The death of the Canadian income trust phenomenon has given the Canadian high yield market a new lease on life.

Despite being around for decades, the market for high-yield bonds—formerly known as junk bonds—has stayed relatively small in Canada, especially in comparison to the market south of the border. But if experts at the recent Canada Forum are to be believed, the high-yield market in Canada is now growing at a rapid clip.

Of the many reasons for its gain, the loss of the Canadian income trust is said to be at the top.

“One of the biggest reasons why the Canadian market has not developed as much as the U.S. market over the last number of years has been the income trust base,” said Dan Bastasic, senior vice-president, investments and co-lead on Mackenzie Financial’s Sentinel Investment Team. “That’s gone, so we should see a much better, bigger, more diversified growing high-yield market going forward.”

With the income trust market gone, there’s an awful lot of money out there that’s chasing yield, he said. With the leading edge of boomers heading into retirement, that demand is not disappearing any time soon.

Jean-François Pruneau, chief financial officer of Quebecor Media—a large issuer of high yield debt—agrees, but feels the junk bond market’s sustainability will depend on its ability to take some hard knocks. “It’s really in the first tough time that we’re going to hit that we will know if this market is a mistake,” he said. “It’s really then that we’re going to know.”

Pruneau says that for the market to survive tough times it will need support from the investor base, dealers, and market makers.

His cautious optimism is shared by Barry Allan, founder and chief executive officer, Marret Asset Management Inc. “It’s beautiful, wonderful when spreads are narrow,” said Allan. “When spreads start to widen and default rates start to rise, that’s when you start to see [its sustainability].”

The U.S. market, inevitably, provides a ready reference point for the Canadian high yield market. The panel of experts sliced and diced both markets to provide a comprehensive comparison. Although there were occasional disagreements, there seemed to be a general consensus that the Canadian high yield market has a long way to go to catch up.

It all starts with the size.

High yield debt accounts for nearly 22% of the total U.S. bond market, compared to just 8% in Canada. That, says Bastasic, means Canada is clearly underdeveloped. But with the Canadian income trusts now consigned to the dust bin, the high yield market will continue to develop, he added.

“We are still just a fraction of what is going on in the U.S. market,” said Michael Wolff, managing director, head of Canadian high yield, TD Securities. “Pick 2010—really the record year for the last decade—in both [countries]; the U.S. did about 625 deals totalling about $300 billion and Canada did 14 deals totalling $3.5 billion.”

However, with lower default rates among Canadian companies, the northern market has an edge over the U.S.

“Canada is a country of oligopolies; there’s four or five companies in virtually every industry,” said Allan, whereas “in the U.S. [there are] 25 to 30 companies in every industry.”

In a smaller market like Canada, if a company defaults it might be quite advantageous for its competitors, he added, while in the U.S. a single default would have less of an impact on a given sector.

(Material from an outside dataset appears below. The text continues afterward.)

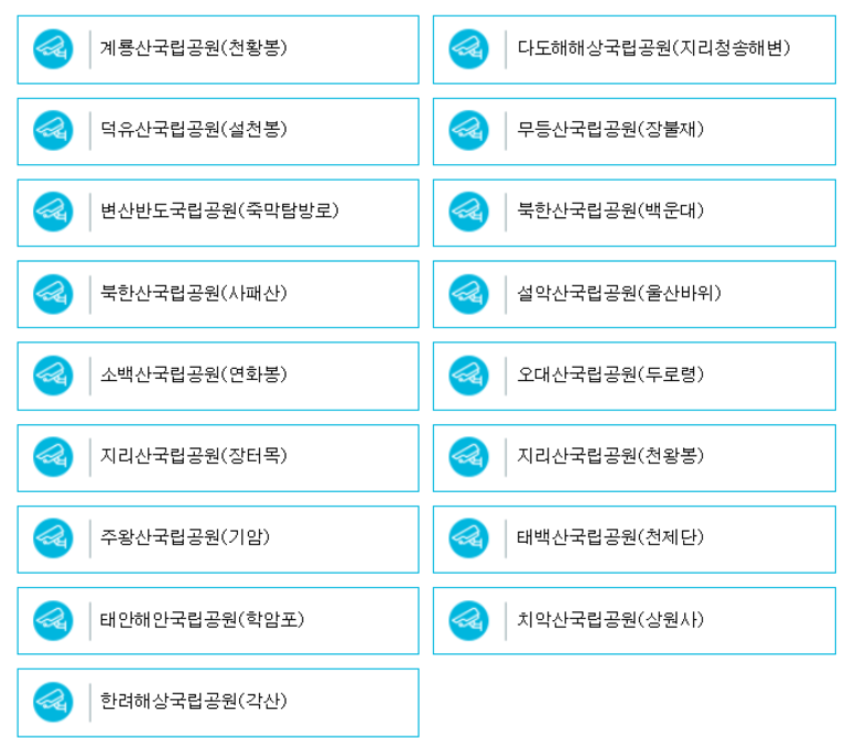 지역별 국립공원 CCTV 링크 각 국립공원별로 개별 CCTV 링크를 제공하며, 해당 지역의 날씨나 환경을 바로 확인할 수 있습니다.

But America’s market breadth has it own advantages; easy access to the market is chief among them, at least for the issuer. “It’s always important to access the market very quickly, and because of this standardization that exists in the U.S. market, you can certainly access [capital] more quickly,” said Pruneau.

Unlike Canada, he adds, it is common to meet an investor whose sole responsibility would be high yield securities.

Liquidity is yet another important aspect to investing, particularly for mutual funds in the high yield space. It becomes even more important at the two extremes of the market cycle: when the high yield market is about to take off and when the economy is about to turn over.

The subject of liquidity brought out the first real disagreements among the panellists.

“Liquidity for me, [is] much better in Canada; and I don’t think you can discount how important that is,” said Bastasic. “And that’s where the bankers’ role has really improved over the last year or two in Canada.”

But Allan argues liquidity is relative, and maintains it is better in the U.S. “When you’re comparing spreads between the two countries, you have to reflect that liquidity is lower in Canada than it is in the United States.”

Allan stresses market liquidity isn’t just about size. “It has a lot to do with the diversity of the funds in the United States. Canada is primarily a long-only mutual fund market whereas the U.S. has six or seven different asset classes—some long-short, some long-only, some are equity-related, and some are balanced.”

The more diverse the investor base is the more likely they are to have different views and different desires and, therefore, more reasons to trade and greater liquidity, he reasoned.